I’ve got about 30 pea plants in the garden. Most of them have somehow found the support fence and are now growing up it. The fence is about halfway between two rows of peas spaced about 12 inches apart and runs north and south. The peas on the south side of the fence are leaning northward, and have begun to wrap their little vines aroung the fence, and the peas on the north side of the fence lean southward and are also working their way up the fence. It has been my experience that no matter where you plant a pea it will find the nearest thing to grow up.
Why?, How?
I’ve got two thoughts on it…
1). The vines that wrap around things get blown around until they hook something. Assuming there is wind.

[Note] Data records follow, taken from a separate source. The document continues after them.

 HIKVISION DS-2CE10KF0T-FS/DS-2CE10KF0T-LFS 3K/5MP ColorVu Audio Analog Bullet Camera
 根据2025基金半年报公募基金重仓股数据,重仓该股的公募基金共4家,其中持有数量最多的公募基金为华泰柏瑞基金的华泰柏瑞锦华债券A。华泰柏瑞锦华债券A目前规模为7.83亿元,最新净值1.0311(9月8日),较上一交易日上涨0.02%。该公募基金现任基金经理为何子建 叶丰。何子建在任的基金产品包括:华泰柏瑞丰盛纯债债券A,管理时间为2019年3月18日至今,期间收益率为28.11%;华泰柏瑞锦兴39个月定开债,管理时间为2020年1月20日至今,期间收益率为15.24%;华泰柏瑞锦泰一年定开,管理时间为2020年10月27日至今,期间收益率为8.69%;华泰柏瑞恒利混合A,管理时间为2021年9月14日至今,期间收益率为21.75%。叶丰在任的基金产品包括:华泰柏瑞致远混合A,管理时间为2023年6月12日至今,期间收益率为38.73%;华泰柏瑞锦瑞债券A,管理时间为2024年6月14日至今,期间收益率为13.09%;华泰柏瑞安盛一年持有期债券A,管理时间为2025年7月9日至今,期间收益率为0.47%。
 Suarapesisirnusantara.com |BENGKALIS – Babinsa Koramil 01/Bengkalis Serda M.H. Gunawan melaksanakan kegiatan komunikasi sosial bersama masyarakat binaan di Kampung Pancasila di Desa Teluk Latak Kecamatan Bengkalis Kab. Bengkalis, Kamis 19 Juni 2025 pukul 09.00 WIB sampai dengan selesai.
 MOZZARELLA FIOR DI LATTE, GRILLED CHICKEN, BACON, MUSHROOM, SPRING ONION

2). The plants can detect shade, therefore, whatever side of the plant there is shade there must be something to hook. They grow away from the Sun, sort of.

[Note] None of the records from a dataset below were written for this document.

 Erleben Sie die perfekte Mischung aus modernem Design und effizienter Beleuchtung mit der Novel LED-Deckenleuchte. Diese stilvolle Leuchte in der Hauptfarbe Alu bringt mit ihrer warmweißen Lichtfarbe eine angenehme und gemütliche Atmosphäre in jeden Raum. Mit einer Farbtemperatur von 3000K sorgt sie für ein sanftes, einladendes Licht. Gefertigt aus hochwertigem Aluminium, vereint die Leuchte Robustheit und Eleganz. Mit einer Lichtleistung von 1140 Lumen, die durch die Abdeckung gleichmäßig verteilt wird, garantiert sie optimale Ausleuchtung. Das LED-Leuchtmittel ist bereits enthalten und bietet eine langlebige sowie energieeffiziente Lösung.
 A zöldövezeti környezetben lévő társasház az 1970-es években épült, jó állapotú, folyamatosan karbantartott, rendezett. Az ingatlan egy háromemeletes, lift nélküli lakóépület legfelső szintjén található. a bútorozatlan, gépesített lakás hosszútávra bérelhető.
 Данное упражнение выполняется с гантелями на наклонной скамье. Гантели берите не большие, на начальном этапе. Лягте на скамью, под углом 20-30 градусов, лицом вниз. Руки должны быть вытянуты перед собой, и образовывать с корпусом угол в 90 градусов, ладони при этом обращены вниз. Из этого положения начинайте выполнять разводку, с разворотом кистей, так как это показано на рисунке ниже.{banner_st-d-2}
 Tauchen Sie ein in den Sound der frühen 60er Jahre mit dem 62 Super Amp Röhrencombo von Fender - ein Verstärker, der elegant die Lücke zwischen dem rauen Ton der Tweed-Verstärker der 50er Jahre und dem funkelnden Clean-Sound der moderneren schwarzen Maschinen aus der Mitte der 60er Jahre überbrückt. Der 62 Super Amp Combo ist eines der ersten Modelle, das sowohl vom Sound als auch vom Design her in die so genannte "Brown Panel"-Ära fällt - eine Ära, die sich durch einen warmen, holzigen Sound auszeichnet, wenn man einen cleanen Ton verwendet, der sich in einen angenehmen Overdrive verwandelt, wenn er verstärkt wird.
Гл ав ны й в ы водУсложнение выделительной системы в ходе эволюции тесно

I’ve seen speeded up footage of growing vine plants. They seem to circle around and around as they grow out of the ground, appearing to grope for something to grab onto; when they find something they corkscrew around that while they climb. It’s really quite freaky to watch. But of course because the movement is inperceptible in real time you never notice it.
In other words, the tendrils grow outwards in a spiraling motion (circumnutation) until they contact something, and then the plant grows towards the contact (thigmatropism). The tendrils that go “exploring” and don’t find anything are either retracted or die and fall away:
In my experience with string beans… they will climb and cling like a pea plant…that, if I try to move some tendrils so they go off in the direction I want…those tendrils will die off. They have a mind of their own, and we ‘farmers’ ain’t changing anything. Nature is so cool.

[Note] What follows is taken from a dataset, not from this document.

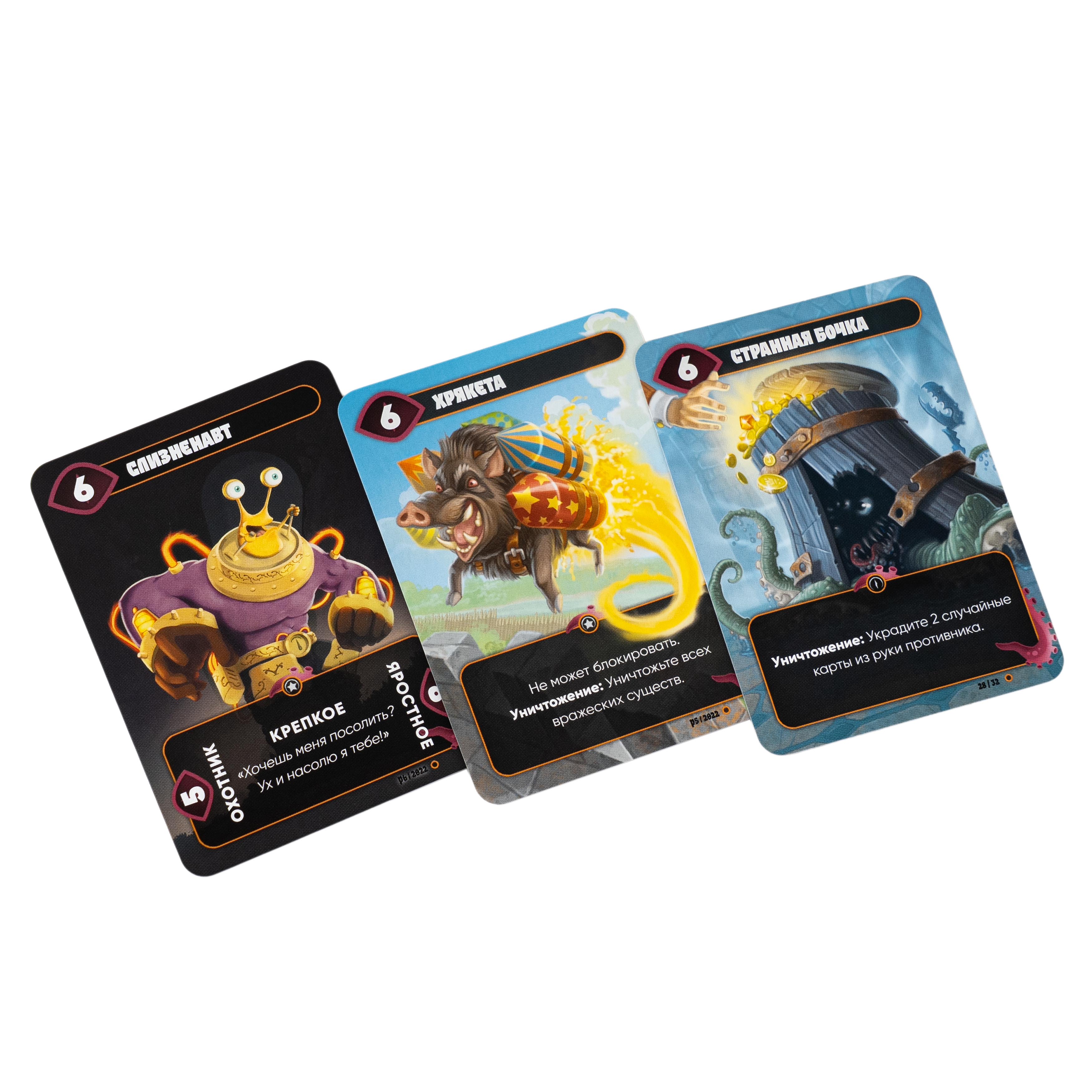 У вас есть 10 карт существ и всего 2 карты Мозгохватов. Ваша цель — снизить 3 очка здоровья соперника до нуля. Но каждое ваше действие — это риск: разыгрывая мощное существо, вы даёте противнику шанс забрать его себе и тут же использовать против вас.

The tendrils on pea plants really do whip around like grappling irons (albeit rather more slowly) - when they touch something, they bend around it and start contracting, spring-like, actually pulling the plant closer against the support.
Other plants do similar sorts of things; in the wild, Swiss Cheese plants (Monstera spp) are huge and vigorous climbers that produce fruits containing thousands of tiny seeds; these fall to the gound and break open, than each seed produces a long slender stalk that grows toward the largest/nearest shadow (which in the native habitat is usually a tree).
I was just in the garden a few minutes ago and it seems as if one of the peas really went out of its way to gain access to the fence. Almost like it started growing in only that direction on purpose. It had to grow across the dirt first and there doesn`t seem to be any extra branches going out in other directions to explore. Maybe this one just got lucky, however, the shade effect would explain this too.